One might suggest that only the currency, the form of money that does not obtain interest, need be backed by the gold reserve. This is feasible, but the currency represents only a meager portion of the monetary aggregate, and that small fraction is all that would be rigidly maintained. How would one decide the value of their holdings of money when separated from their holdings of currency?

But again, though the proportion of currency to money may wane, the amount of currency circulating does not. Soon, the currency would surpass the amount of gold held in reserve as its value.

To bind an artificial commodity of theoretically unlimited supply to a tangible commodity of comparatively fixed quantity is an erroneous and unworkable undertaking.

Many think that there is no value in the nation’s currency as it is paper that can be easily reproduced. They surmise that the value is held in a commodity kept in reserve such as gold. But there is value in the paper and it is found in the reputation and resources of the entity whose seal the money bears. In this country, that seal belongs to the Bank of Canada, an agency of the Government of Canada, which is the appointed agency of the People of Canada. That the nation’s money is backed by reserve of gold or copper or diamonds matters little, because it can only represent a negligible portion of the true value supporting the monetary issue, that is the combined assets, wealth resources, and reputation of the People of Canada.

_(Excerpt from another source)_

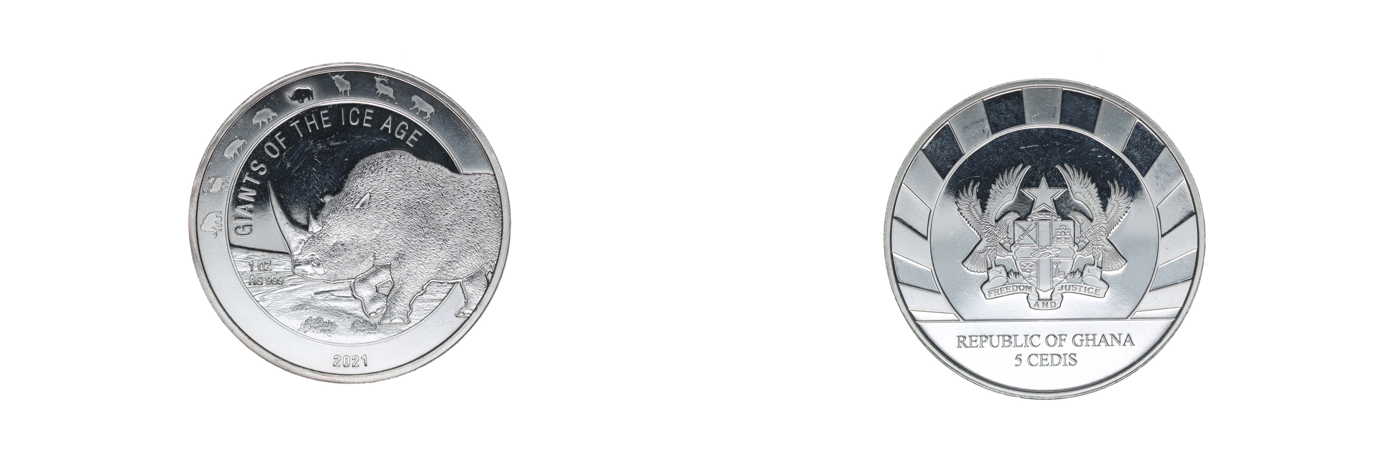 5 Cedis 2021, Ag unce 999, nosorožec srsnatý - ze série velká zvížata doby ledové_orig.kapsle

In conclusion, an artificially created currency of variable quantity has one advantage over a relatively fixed and tangible commodity: It possesses the treasured feature of variable quantity in face of market forces. Money because of its components credit and interest, must have this feature. If the gold standard were once again adopted, as has been stated, a gulf between the quantity of money and the demand for money shall quickly occur and inexorably widen. The gold money supply remains stagnant while the demand for money grows. And unsatisfied demand generated by the dearth of a medium of exchange constrains economic activity, innovation, and suffocates prosperity.

And there can be no fixed or immutable relationship between the monetary issue of one country and of another because as time passes neither marches synchronously with the other and never shall. Fixed exchange rates are as much a fiction as a fixed rate established between the supply of currency, money or credit and some precious metal standard.